Moms get less sleep than dads. Mothers around the world (including this one here) know that to be true. But in case you wanted scientific proof, a new study published this week found that women with children are more likely to be sleep deprived than men with kids or people without kids. Let's just add the gender sleep gap to these other six "gaps" moms still face that make life even harder to manage.
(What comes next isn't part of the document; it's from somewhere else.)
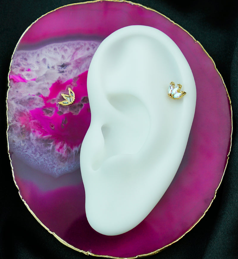 Colorful 14kt gold threadless top piece that is made with three, beaded, marquise, rainbow aurora cz gems. Complete with a 316LVM ASTM F-138 surgical stainless steel pin. Sized at 7.2mm x 5.7mm. Cute threadless choice to add to your ear piercings! Sold individually.

Moms make less than dads. Moms are less likely to get hired. Most moms (and dads) have little to no access to family leave. Moms take care of most of the chores. Moms get less time to themselves. Moms experience less sexual pleasure. Those are just some of the ways that women with children struggle at home and at work. And these gender gaps are far different when you break them down by race and income. Mothers of color and low-income mothers face discrimination and inequality at higher rates than white women with children and mothers who earn high wages. Federal policy could help alleviate much of this disparity, but Congress has continually stonewalled efforts during former President Barack Obama's two terms, leaving the country at square one.
The Gender Wage Gap
The gender wage gap is real. Women get paid less than men, and it gets worse when you break it down by race. Black women working full-time make 63 cents for every dollar paid to a white man, according to the National Women's Law Center (NWLC). For Native American women, that's 58 cents. Latinas make the least — 54 cents to every white man's dollar. The NWLC also found that mothers make far less than fathers — $40,000 a year compared to $56,000 a year on average. That breaks down to 71 cents per every dollar a man with kids earns. It's also two cents less than what a women without children earns full-time.
The Career Gap
In addition to less pay, mothers also have less career opportunities. According to the Pew Research Center, moms are less likely to be hired for jobs and more likely to be turned down for promotions because they have kids. Fathers, on the other hand, are more likely to be hired, as well as earn higher salaries, than men without children, according to the New York Times. Add that to the fact that people who are pregnant on the job still face discrimination at every turn, and have little legal recourse to fight said discrimination.
The Paid Leave Gap
It's a well-known fact that the United States is one of only a handful of countries that does not have a federal paid leave law. Research shows that without paid parental leave, moms — particularly low-income mothers — are less likely to go to work, according to Pacific Standard. Not only that, but states that have implemented their own family leave law apply different standard to mothers and fathers, with fathers getting little to no paternity leave. That affects their relationship with their kids and their partners, and also ignores same-sex couples and single dads. President Donald Trump is following that pattern — his family leave policy excludes dads and same-sex partners too.
The Chore Gap
A 2015 Working Mother Research Institute survey found that working moms in dual-income households are responsible for the majority of chores. Other studies have found this to be true for all mothers, according to TIME Money. So in addition to being sleep-deprived, mothers also have to carry the workload around the house.
The Leisure Gap
Moms just want to relax, but dads are the ones who get the break. A 2013 Pew Research Center analysis found that fathers in the United States get about three more hours of leisure time per week than mothers. You read that right: Three more hours per week. That adds up to about 12 more hours a month, give or take. And what are fathers doing with this time, you ask? According to the Pew Research Center, watching television or using other forms of media.
The Orgasm Gap
Not being able to orgasm is not particular to moms, but it's still on the table. Research has found that women experience orgasm far less than men. And by far less, I mean double-digits. According to Psychology Today, one study found that 39 percent of college-age women and 91 percent of college-age men reported having orgasms usually or always during sex. That's a 52 percent difference. Psychology Today also pointed to two other studies that found a 17 - 19 percent gap in orgasms between women and men.
Not only do fathers enjoy more leisure time, they also get more enjoyment during sex. And more money. And better jobs. And more promotions. It's 2017. Why is this still a thing?